1. When the MMU signals a trap due to a miss, exception, or protection. The MMU 
hardware automatically writes the missing VA and the appropriate Context into 
the Tag Access register to facilitate formation of the TSB Tag Target register. See 
TABLE 15-6 on page 215 for the SFSR and Tag Access register update policy. 


2. An ASI write to the Tag Access register.

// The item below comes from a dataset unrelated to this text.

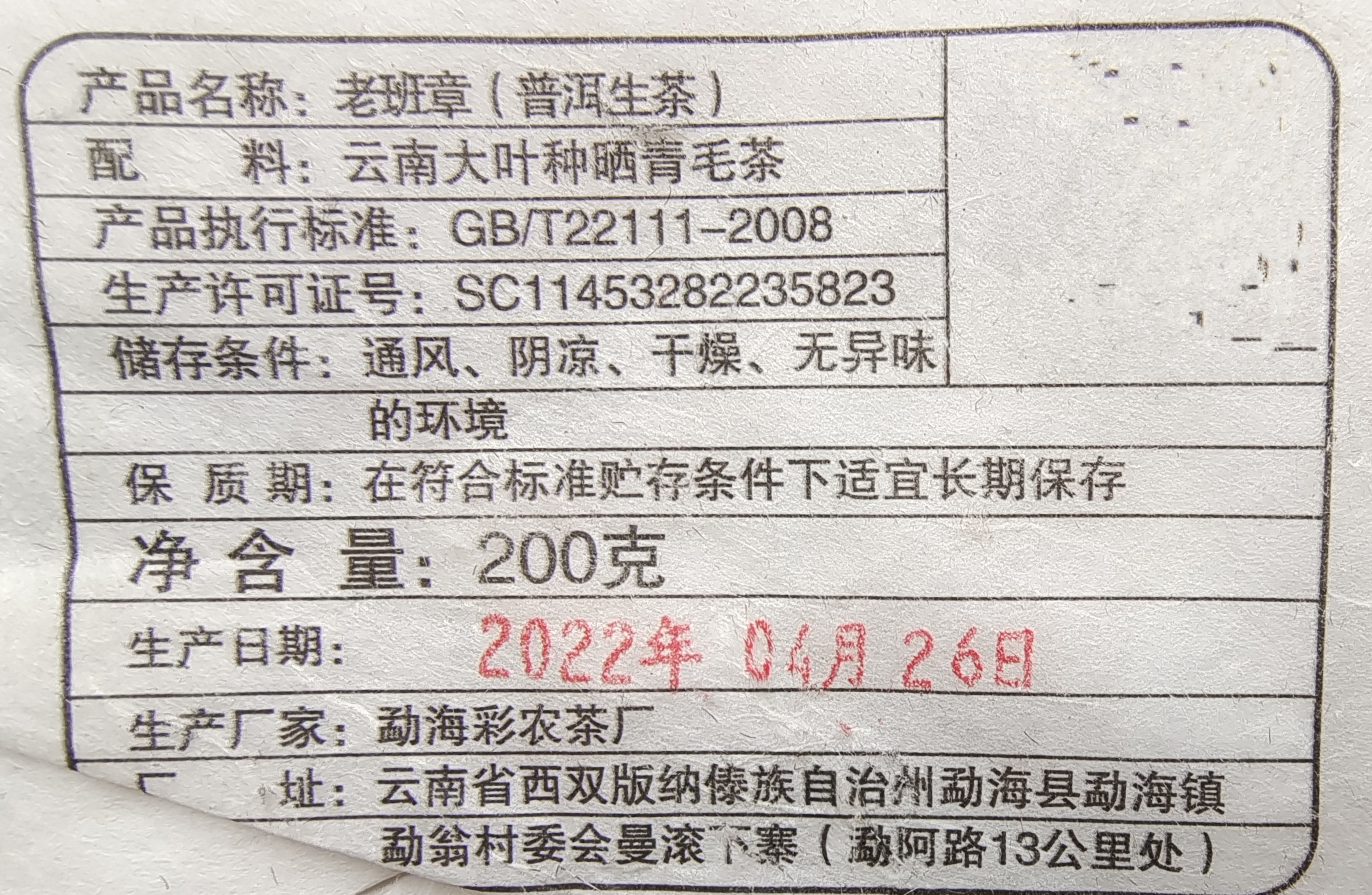 彩农茶|老班章2022头春古树纯料青饼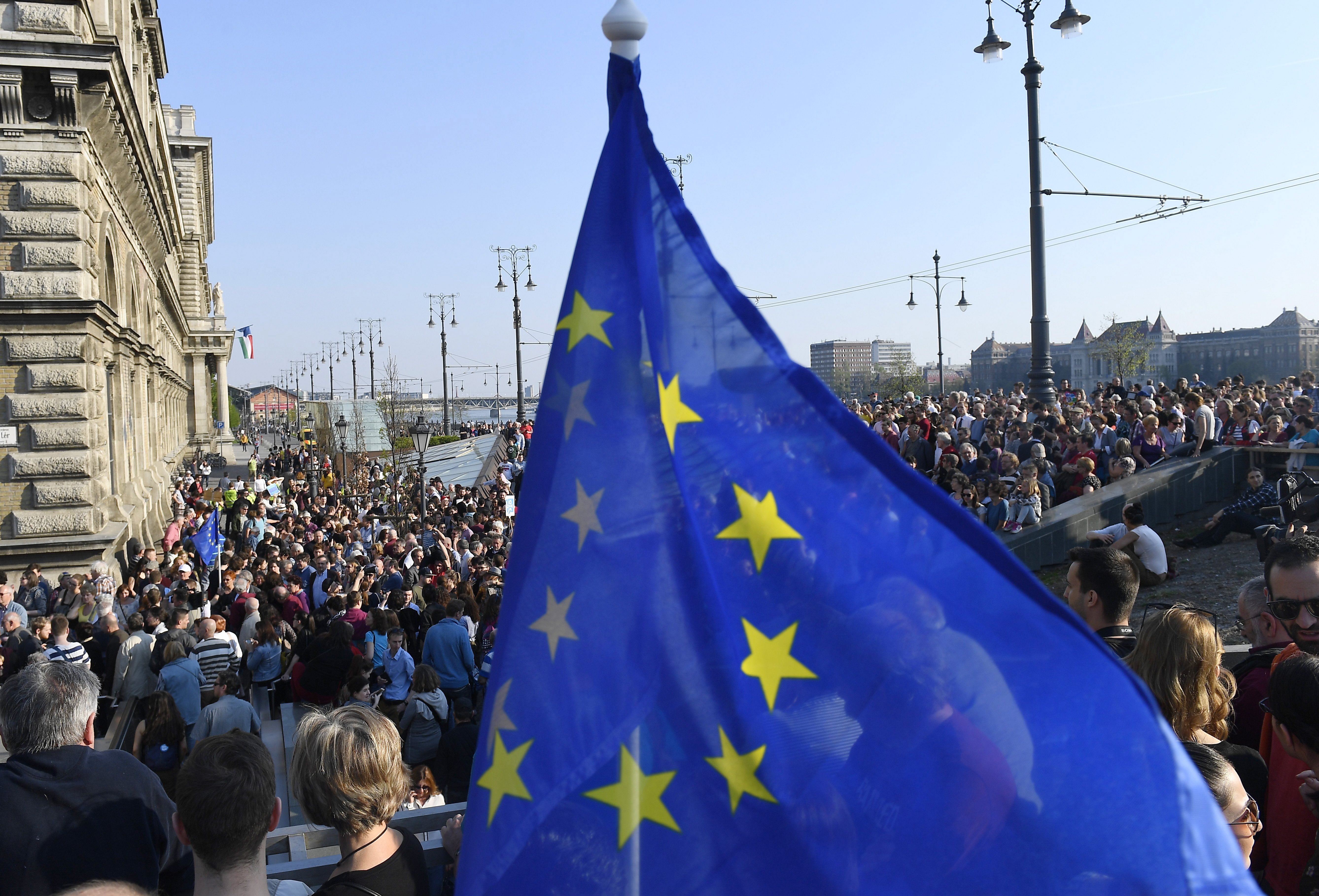 Tízezrek tüntettek a CEU mellett Budapesten

Before an ASI store to the TLB Data 
Access registers, the operating system must set the Tag Access register to the 
values desired in the TLB Entry. Note that an ASI store to the TLB Data In register 
for automatic replacement also uses the Tag Access register, but typically the 
value written into the Tag Access register by the MMU hardware is appropriate. 


Note — Any update to the Tag Access registers immediately affects the data that is 
returned from subsequent reads of the Tag Target and TSB Pointer registers. 


The TLB Tag Access Registers are defined FIGURE 15-10: 
63 13 12 0 
FIGURE 15-10 I/D MMU TLB Tag Access Registers 


I/D VA<63:13>: The 51-bit virtual page number. Note that writes to this field are not 
checked for out-of-range violation, but sign extended based on VA<43>. 





Caution — Stores to the Tag Access registers are not checked for out-of-range 
violations. Reads from these registers are sign-extended based on VA<43>. 


I/D Context<12:0>: is the 13-bit context identifier. This field reads zero when there is 
no associated context with the access. 


I-/D-TSB 8 kB/64 kB Pointer and Direct Pointer 
Registers 


These registers are provided to help the software determine the location of the 
missing or trapping TTE in the software-maintained TSB. The TSB 8 kB and 64 kB 
Pointer registers provide the possible locations of the 8 kB and 64 kB TTE, 
respectively. The Direct Pointer register is mapped by hardware to either the 8 kB or 
64 kB Pointer register in the case of a fast_data_access_protection exception according 
to the known size of the trapping TTE. In the case of a 512 kB or 4 MB page miss, the 
Direct Pointer register returns the pointer as if the miss were from an 8 kB page.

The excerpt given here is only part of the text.